Information in a database is accessed with the Structured Query Language (SQL), a syntax optimized for database tasks. SQL queries are interpreted by a Relational Database Management System (RDBMS), the engine that manages and organizes information in a database. While SQL is an easy language to master, complex queries are long and tedious to debug. GATOR shields users from the need to write SQL by providing a web-based CGI form that allows users to build their query interactively. GATOR builds an SQL query based on the user's requests, launches it, and writes the retrieved data to an ASCII file for download.

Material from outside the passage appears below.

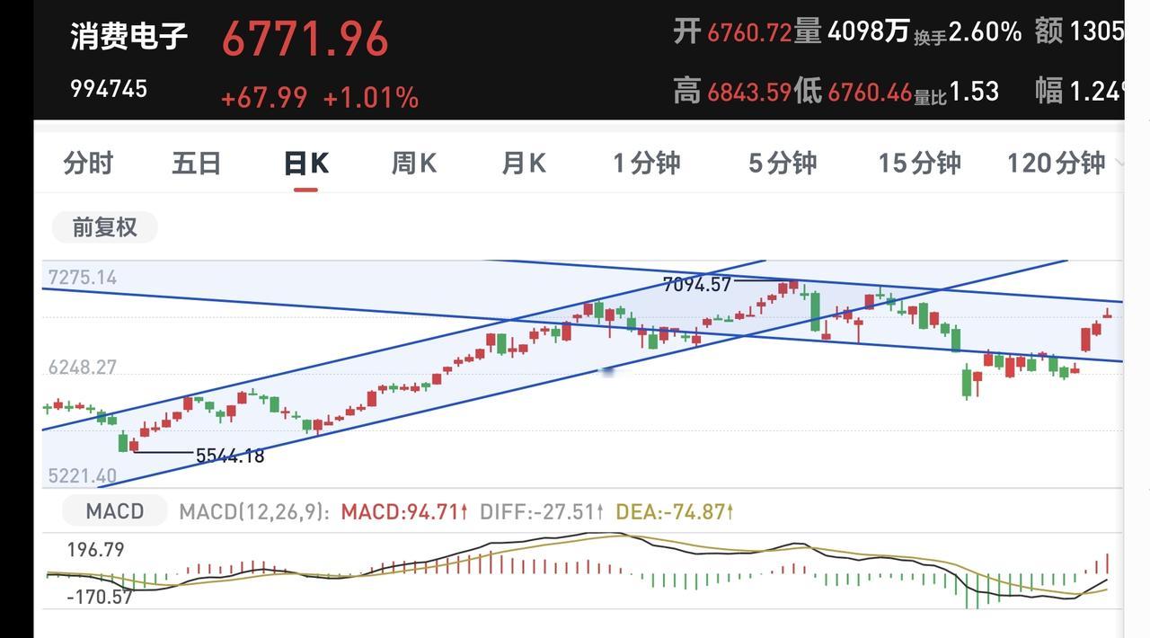 消费电子板块周线级别处于上涨通道中,今天的上涨并没有改变周线级别的上涨趋势,长线持有的人可以继续持有。

GATOR's power lies in its generality, in that complex search constraints can be quickly entered and run. For instance, a query such as the following one to the 2MASS All Sky Point Source Catalog is easy to build:
"return all sources at galactic latitudes greater 30 degrees with K magnitudes between 14 and 17 and uncertainties of less than 0.05, that are not flagged as contaminated by extended sources and have a blue-red optical color of less than 1.5"
How Do I Use GATOR?
GATOR employs two interfaces, one for selecting a catalog (accessible from the "Catalogs Listing" button), and another for building a query to extract data from that catalog. Submitting the job automatically brings up the process monitor, which reports the status of the job, and which gives the link to the returned data. These data are always written to an ASCII file of size less than 2 GB that is kept on-line for 48 hours after the job is finished. (A processing summary is also sent to the user by email if the user requests it.)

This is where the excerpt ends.